The biological impacts of laser radiation on human body are closely related to the wavelength, irradiance, and exposure duration. Laser radiation spans wavelengths from about 10,000 nanometers (nm) to approximately 200 nm, encompassing the infrared, visible light, and short-wavelength ultraviolet (UV) regions.

The specific health hazards associated with laser radiation primarily arise from the exceptionally high power density and intense collimation (focusing) of the laser beam. Given the limited penetration depth of optical radiation in biological tissue, its primary impact is on the skin and eyes. The eyes, in particular, faces greater vulnerability due to their unique optical properties.

Effect on Biological Tissue

The impact of laser radiation on biological tissue varies based on factors such as wavelength, intensity, duration of exposure. It also depends on the tissue properties affecting how the radiation is absorbed, scattered, and reflected.

Water, prevalent in biological tissue, strongly absorbs short- and long-wavelength laser radiation, particularly in the UV and longer-wavelength infrared regions. In the visible and near-infrared spectrum, absorption depends on haemoglobin and melanin content. The tissue response type and magnitude relies on irradiance and exposure duration.

Extended exposures in the minutes range and irradiances in watts per square centimeter induce photochemical effects. Visible or infrared light absorption by biological molecules can generate reactive radicals that damages substances like DNA or proteins. UV laser radiation can directly harm DNA, potentially leading to genetic mutations and an increased cancer risk.
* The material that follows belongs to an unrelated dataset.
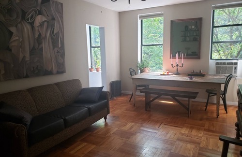 This fabulous place is perfect for group trips. Spacious apartment in Inwood, Manhattan. Facing Fort Tryon Park (The Met Cloisters), two blocks from the A Train. 10 min ride to Columbia University, 20 min - and you are in Midtown.

For medium to short exposure times (seconds to milliseconds) and irradiances (from a few to around 1 megawatt per square centimeter), thermal effects manifest. These effects range from tissue warming to protein denaturation, water boiling, tissue charring, and blackening. Therapeutically, this thermal effect finds application in laser surgery.

Very brief exposures (nanoseconds to microseconds) and high irradiances (megawatts to 1 gigawatt per square centimeter) cause almost explosive vaporization of tissue, with minimal heating of surrounding areas. This effect is utilized in targeted treatments, such as correcting eye defects in ophthalmology.

Extremely high irradiances (gigawatts to terawatts per square centimeter) result in plasma formation within tissue, generating a shock wave that mechanically destroys the tissue. This process is employed in lithotripsy, breaking down kidney stones and gallstones.

Effect on the Eye

Due to its distinctive optical characteristics, the eye exhibits heightened sensitivity to optical radiation, including laser radiation.

  • Eyesight: Visible and short-wavelength infrared radiation are crucial for eyesight, as they penetrate the cornea, lens, and vitreous body to reach the retina. Conversely, UV and far-infrared radiation are absorbed by the cornea or lens.
  • Focusing of Light: The eye's image-forming properties focus on visible and near-infrared light, similar to a magnifying glass concentrating sunlight. This effect intensifies the laser beam's power density by a factor of 10,000 to 500,000, reaching up to 12.5 megawatts per square meter at the retina, exacerbating the inherent high power density.
  • Retinal Damage: Laser focusing can lead to retinal damage, often unnoticed initially. Coagulated blood spots and damaged capillaries may result in visual field defects. Severe consequences include retinal detachment or significant intraocular bleeding. Damage to the macula, responsible for sharp vision, can severely impair visual acuity and color perception, while laser impact on the blind spot may cause total blindness.
  • Damage to the Cornea and Conjunctiva: UV laser radiation predominantly affects the cornea, conjunctiva, and lens. At lower irradiances, this can induce painful inflammation, such as photokeratitis and photoconjunctivitis. Higher intensities may cause reversible corneal clouding, while irreversible clouding and cataracts may occur at approximately 50 kilojoules per square meter.
  • Cataracts are also a risk in the longer-wavelength infrared region, whereas wavelengths around 2,500 nanometers primarily damage the cornea.

Effect on the Skin

The skin generally exhibits greater resistance to laser radiation than the eyes and tolerates significantly higher intensities. The impact on distinct skin layers depends on the radiation's penetration depth, which varies with wavelength.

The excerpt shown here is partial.